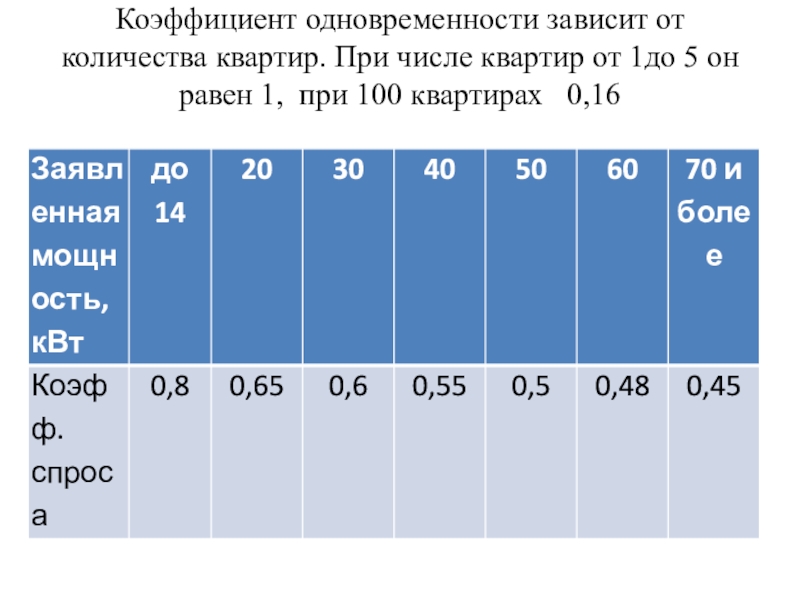 Слайд 16Коэффициент одновременности зависит от количества квартир. При числе квартир от
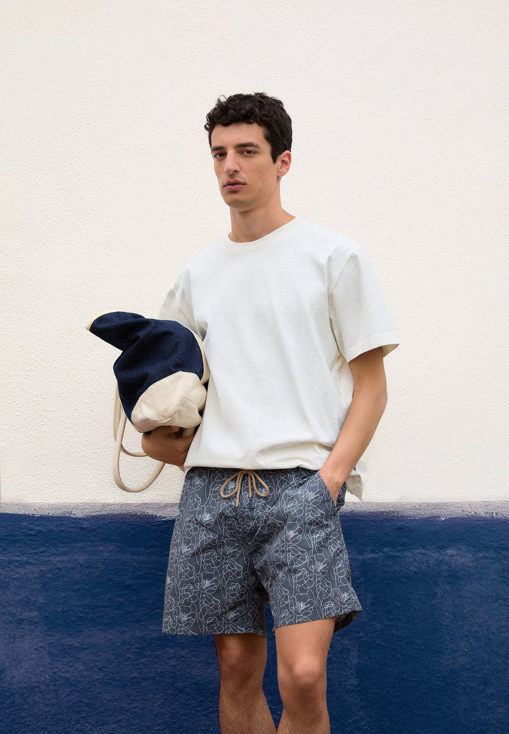 Bañador confeccionado en tejido técnico. Cintura elástica ajustable con cordón. Bolsillos laterales y detalle de bolsillo trasero de plastrón. Forro interior.
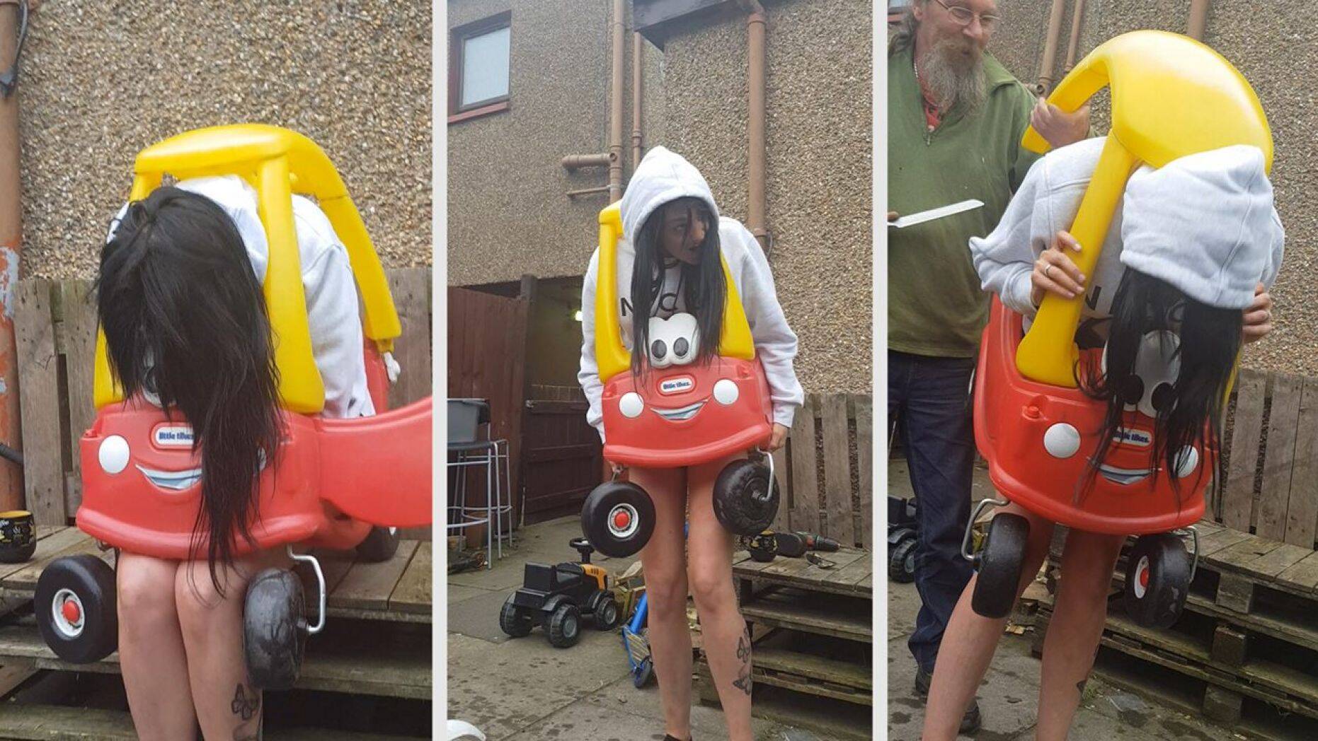 34-year-old Zoe Archibald, from Scotland, decided to driver her cousin’s red and yellow Little Tikes car but ended up getting stuck in the car.

= = =

Aim of the task: Would you return the whole listing exactly, without the pictures?

Final answer:
 Слайд 16Коэффициент одновременности зависит от количества квартир. При числе квартир от
 Bañador confeccionado en tejido técnico. Cintura elástica ajustable con cordón. Bolsillos laterales y detalle de bolsillo trasero de plastrón. Forro interior.
 34-year-old Zoe Archibald, from Scotland, decided to driver her cousin’s red and yellow Little Tikes car but ended up getting stuck in the car.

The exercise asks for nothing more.